» Activity: Write out each line below precisely, passing over the pictures.
───── Information provided ─────
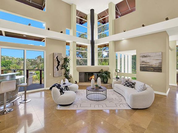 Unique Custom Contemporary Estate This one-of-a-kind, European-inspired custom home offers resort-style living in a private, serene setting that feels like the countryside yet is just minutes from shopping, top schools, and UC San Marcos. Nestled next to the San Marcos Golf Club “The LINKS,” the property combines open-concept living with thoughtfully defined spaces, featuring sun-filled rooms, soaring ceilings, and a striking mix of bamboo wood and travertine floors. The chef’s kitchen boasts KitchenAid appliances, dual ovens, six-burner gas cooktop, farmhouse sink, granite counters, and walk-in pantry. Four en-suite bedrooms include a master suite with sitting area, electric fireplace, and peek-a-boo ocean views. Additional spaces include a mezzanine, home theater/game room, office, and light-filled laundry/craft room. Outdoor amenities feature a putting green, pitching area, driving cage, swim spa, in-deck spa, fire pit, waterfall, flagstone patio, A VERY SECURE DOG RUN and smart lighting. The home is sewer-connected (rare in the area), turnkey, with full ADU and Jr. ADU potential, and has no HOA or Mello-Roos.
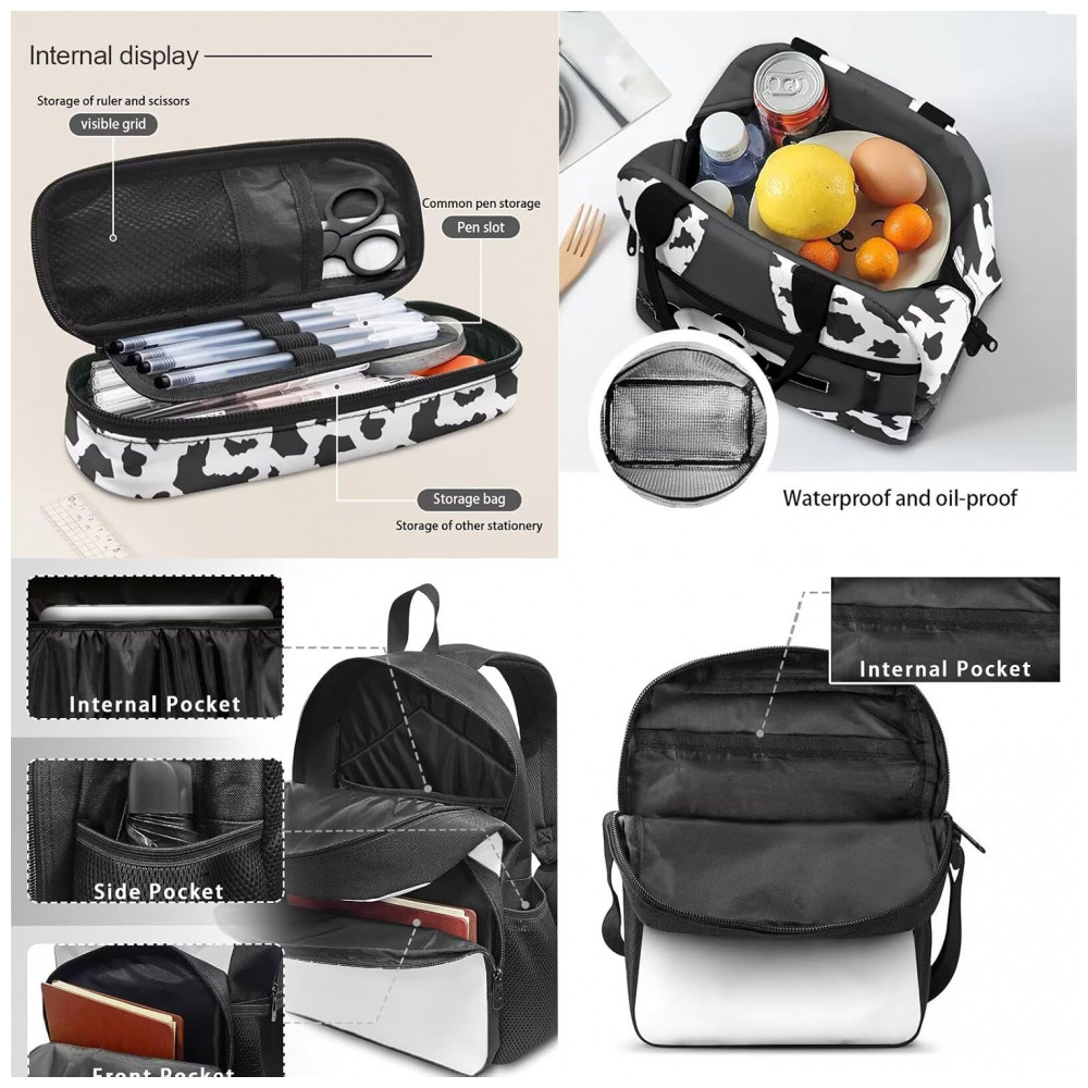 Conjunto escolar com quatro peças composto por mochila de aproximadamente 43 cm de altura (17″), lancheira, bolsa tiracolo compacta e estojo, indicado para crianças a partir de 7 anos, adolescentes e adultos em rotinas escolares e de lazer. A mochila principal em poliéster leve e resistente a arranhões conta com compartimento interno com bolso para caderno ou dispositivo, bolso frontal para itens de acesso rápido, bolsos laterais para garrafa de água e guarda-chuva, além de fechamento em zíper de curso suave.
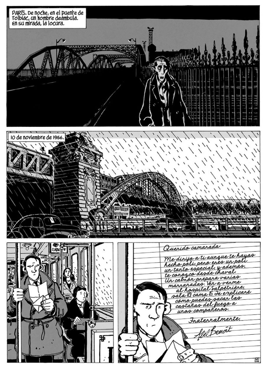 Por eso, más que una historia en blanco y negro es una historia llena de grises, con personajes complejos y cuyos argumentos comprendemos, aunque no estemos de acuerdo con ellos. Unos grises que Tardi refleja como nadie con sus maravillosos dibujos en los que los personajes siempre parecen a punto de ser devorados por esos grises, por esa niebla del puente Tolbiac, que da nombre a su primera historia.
─────
» Answer to this exercise:
 Unique Custom Contemporary Estate This one-of-a-kind, European-inspired custom home offers resort-style living in a private, serene setting that feels like the countryside yet is just minutes from shopping, top schools, and UC San Marcos. Nestled next to the San Marcos Golf Club “The LINKS,” the property combines open-concept living with thoughtfully defined spaces, featuring sun-filled rooms, soaring ceilings, and a striking mix of bamboo wood and travertine floors. The chef’s kitchen boasts KitchenAid appliances, dual ovens, six-burner gas cooktop, farmhouse sink, granite counters, and walk-in pantry. Four en-suite bedrooms include a master suite with sitting area, electric fireplace, and peek-a-boo ocean views. Additional spaces include a mezzanine, home theater/game room, office, and light-filled laundry/craft room. Outdoor amenities feature a putting green, pitching area, driving cage, swim spa, in-deck spa, fire pit, waterfall, flagstone patio, A VERY SECURE DOG RUN and smart lighting. The home is sewer-connected (rare in the area), turnkey, with full ADU and Jr. ADU potential, and has no HOA or Mello-Roos.
 Conjunto escolar com quatro peças composto por mochila de aproximadamente 43 cm de altura (17″), lancheira, bolsa tiracolo compacta e estojo, indicado para crianças a partir de 7 anos, adolescentes e adultos em rotinas escolares e de lazer. A mochila principal em poliéster leve e resistente a arranhões conta com compartimento interno com bolso para caderno ou dispositivo, bolso frontal para itens de acesso rápido, bolsos laterais para garrafa de água e guarda-chuva, além de fechamento em zíper de curso suave.
 Por eso, más que una historia en blanco y negro es una historia llena de grises, con personajes complejos y cuyos argumentos comprendemos, aunque no estemos de acuerdo con ellos. Unos grises que Tardi refleja como nadie con sus maravillosos dibujos en los que los personajes siempre parecen a punto de ser devorados por esos grises, por esa niebla del puente Tolbiac, que da nombre a su primera historia.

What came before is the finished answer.